I used Scid, ChessAssistant, and PGN-Extract to remove the dups.
FACT 3 : Deduplication process in CA
Quote from Dann : Try the following experiment yourself:
1. Unload the programs using ChessBase itself as PGN or convert the archive to a decompressed CB file.
2. Load the data into ChessAssistant 9.1
3. Run the check for duplicates function.
4. Look at the duplicate games. There will be a huge pile of them but if you examine them one by one you will see very clearly that they are duplicates. The header problems are header problems. Fix them or don't -- I don't care.

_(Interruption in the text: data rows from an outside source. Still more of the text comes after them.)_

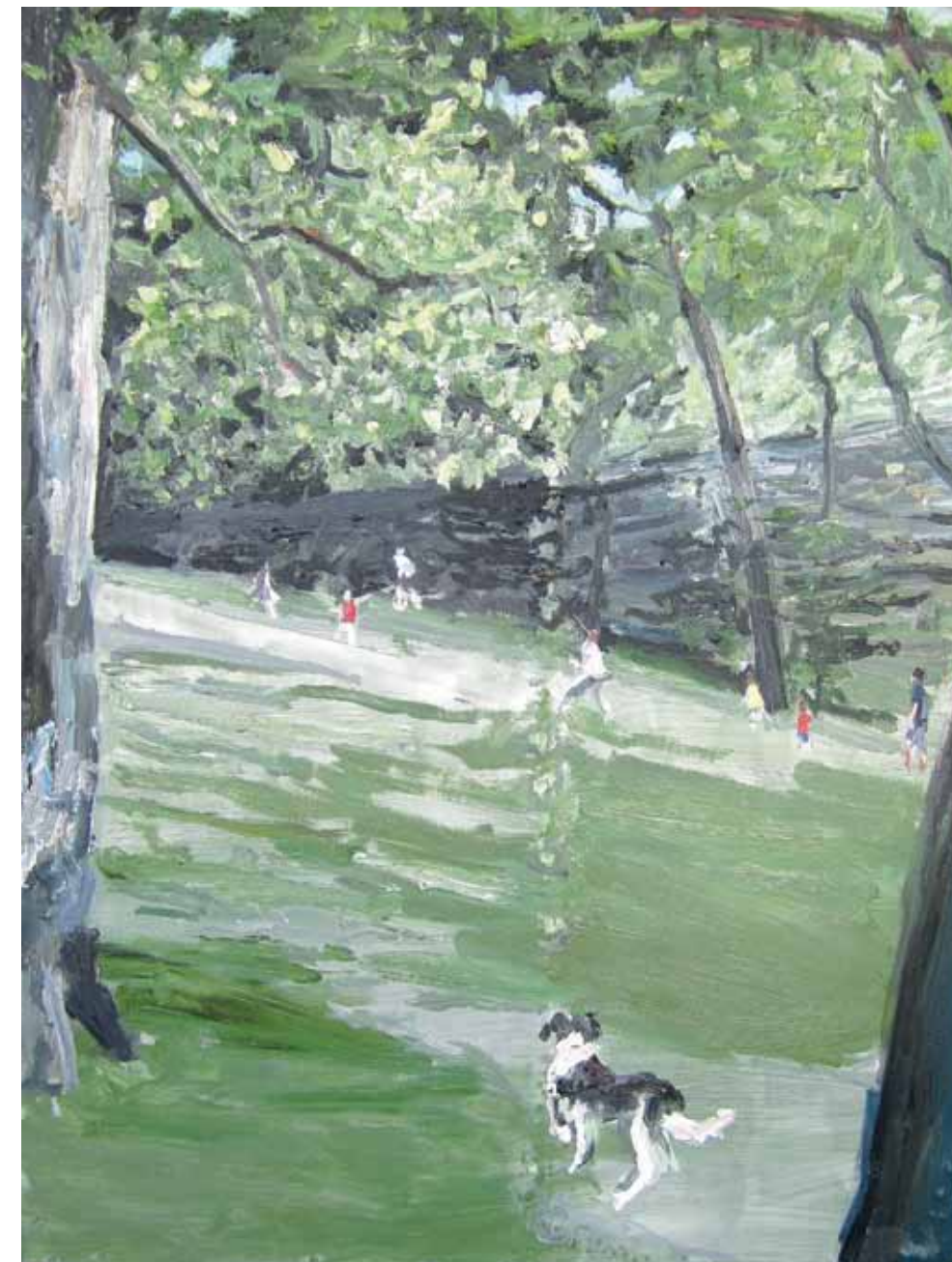
> Park at The Cloisters, New York, 2010 huile sur metal et construction de bois/ oil on metal and wood construction 121.9 × 91.4 cm / 48" × 36"
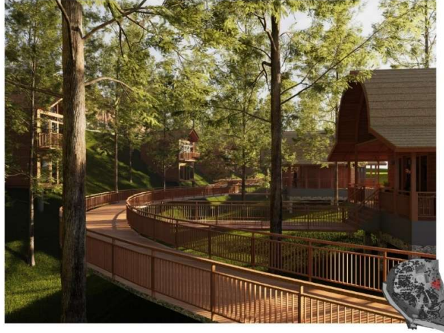
Gambar 13. Glamping , 1br ( Family Type ), 2br ( Couple Type )

Bumi perkemahan ( Glamping ) adalah fasilitas penunjang sebagai pengembangan zona edukasi dan budaya, dimana pengunjung sambil berkemah disugahi konsep edukasi tentang sejarah, nilai-nilai budaya, dan pelestarian lingkungan sekitar. Fasilitas glamping dilengkapi dengan jembatan kayu sebagai akses antar tipe-tipe ruang yang disiapkan terlihat pada gambar 13.
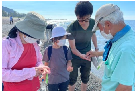
地域の魅力を発掘（海岸でヒスイ探し）
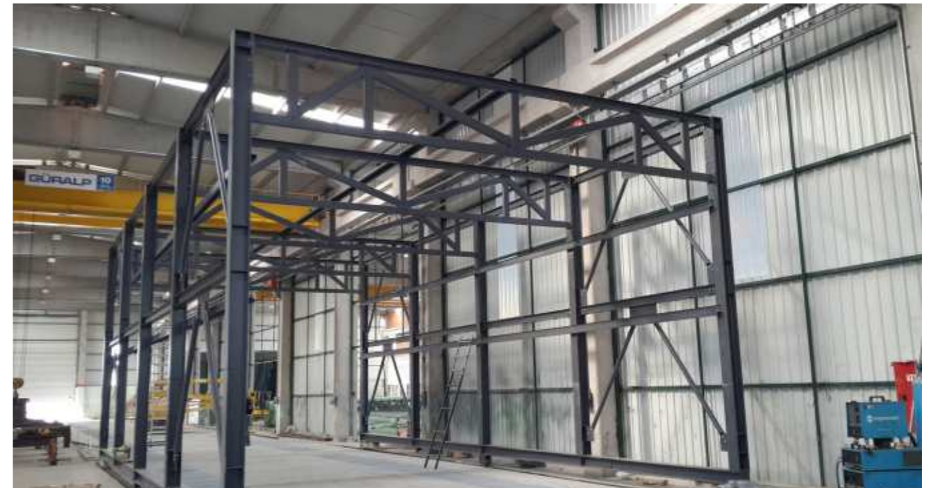
Sipil Çelik'te kalite ve verimliliği arttırmaya yönelik yatırımlar devam ediyor. Bu kapsamda yatırım planına alınan hareketli boya ünitesi montaj çalışmaları sürüyor.

Alman Ammann Elba firması beton mikserleri ve inşaat sektörüne verdiği hizmetlerle dünya lideri olma yolunda ilerlemektedir. Bu sebeple Ortadoğu ve Afrika pazarına açılmak için kendilerine üretim partneri olarak firmamızı tercih etmişlerdir. Almanya Ettlingen de bulunan fabrikasında ziyaret gerçekleştirilmiş; üretim ve mühendislik detayları hakkında karşılıklı bilgi edinilmiştir. Sipil Çelik ile birlikte gerek know-how çalışmalarında gerek ise tasarım uygulamalarında beraber çalışılması planlanmaktadır. Bu sene içerisinde yapılacak numune ile birlikte seri üretime geçilmesi planlanmaktadır.
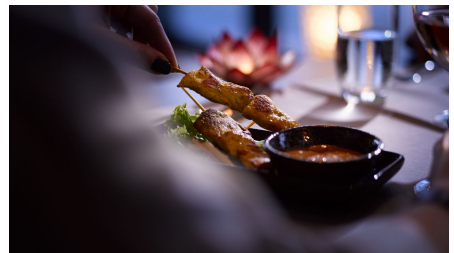
thai-cuisine-deltapark-vorspeise - "Thai Cuisine" - Deltapark Vitalresort, Gwatt, Interlaken Tourismus - web@interlaketourism.ch
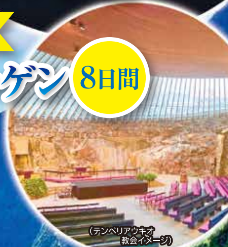
(テンベリアウキオ 教会イメージ)
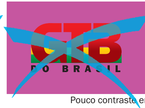
Pouco contraste entre fundo e logotipo

Reply : in previous reply we tried to explain in brief the deduplication process (in brief I repeat, because you write huge manuals or books on this). The advantage of deduplication process in CB is you receive one file with games which are duplicated. The game with incomplete header or information is crossed out and the one which has it stays. You clearly see both games. In CA you receive two files one for trash and one deduplicated. Now talk about transparency in comparing the games. We have great experience in comparing the both programs in deduplication however we still haven't found the ultimate truth. Please sort out our file into :
1) according to moves
2) find the most games which has the same number of moves
3) compare players
This should convince you. Please run your process of deduplication and tell us exactly which 2 games are duplicates. You don't need to mention thousands of games. Just 5 examples (e.g. game number 418 is equal to game number 2,345, or game 9,034 is equal to 23,450 etc... But please work with correctly extracted PGNs and provide us with equal games with same names, same dates, same bodies etc...)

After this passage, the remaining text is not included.